Malik does not see a contradiction in supporting both the rule of law and a man who took the law into his own hands.

“Mr. Qadri reacted under certain provocation, feeling hurt from the remarks of the deceased governor. He acted like any Muslim will act when anyone uses filthy language against our prophet. … We were chanting and raising slogans against all those sectors that are using objectionable language against Muslims, against our holy prophet and against our religion. That was our message,” Malik explains in nearly flawless English, expressing a sense of global victimhood common among his compatriots.

In Pakistan, the day-to-day injustices in an impoverished society find no legal outlet. Corruption here is rife, and the rich can bribe their way out of anything. The lawyers supporting Qadri express an understanding of why the security guard picked up a gun.

“He took the law into his own hands when he thought he was helpless.
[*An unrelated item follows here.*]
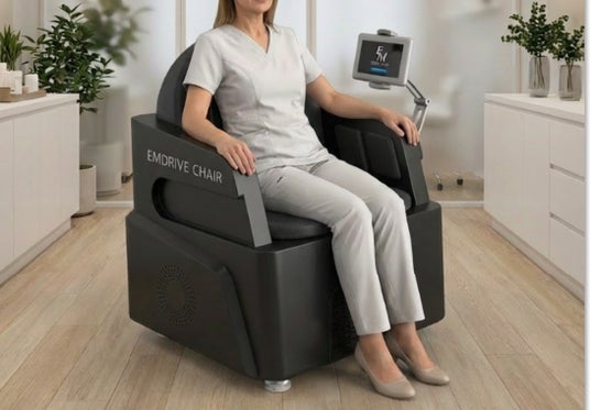 EMDRIVE CHAIR(R)は、服を着たまま座るだけで、高出力電磁刺激(Electro Magnetic Stimulation, EMS)により、**腰部多裂筋・腸腰筋・骨盤底筋などの深層筋(インナーマッスル)**へ非侵襲的にアプローチするリハビリ支援チェアです。

He’s not in a position to initiate criminal proceedings against Mr. Taseer, so he reacted in this manner,” Malik said.

But some say the passivity of the educated class toward radical strains is not merely a product of a class and culture struggle but part of a larger generational gap in Pakistani society. Under the rule of Gen. Mohammad Zia ul-Haq in the 1980s, Pakistan underwent an Islamization campaign as the military dictator sought to unify the country and encourage jihadists to fight against Indian control of Kashmir and the Soviet occupation of Afghanistan. Today, some suggest, the younger generation is the product of state-sponsored radicalization.

“The state as a machinery is supporting and promoting religious extremism, and it happens through various means. It happens through media messages, it happens through textbooks,” said Marvi Sirmed, a human rights activist and blogger.
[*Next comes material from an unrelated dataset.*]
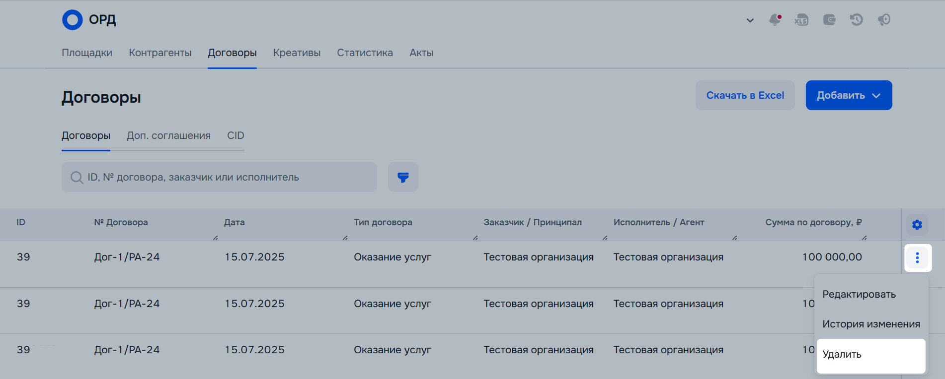 Владелец или администраторы кабинета ОРД могут удалить данные из каждого его раздела.

“The literate, quasi-educated urban population is the most vulnerable to these extremist propagandas, because they are exposed to electronic media and the outside world through social networking,” Sirmed said. “And I see a lot of stuff coming out through these sources that if you are naive, they can make you a suicide bomber very easily.”

It is this middle class, struggling with its faith in an age of global media and inter-connectivity, that the U.S. needs to win over, and it is precisely this sector it appears to be losing.

Pakistan’s middle class sees the United States not as a model of liberal values to be followed but rather as a country that inflicts repeated indignities upon Pakistanis’ culture and sense of worth with its military forays into the region in the past 10 years.

“We have to pay attention to the narrative of indignity, because it’s fueling things that start only as rhetorical and verbal but could very well link to Faisal Shahzad’s Nissan Pathfinder,” said Zaidi, referring to the failed Times Square bomber, an educated Pakistani who knew the United States only too well.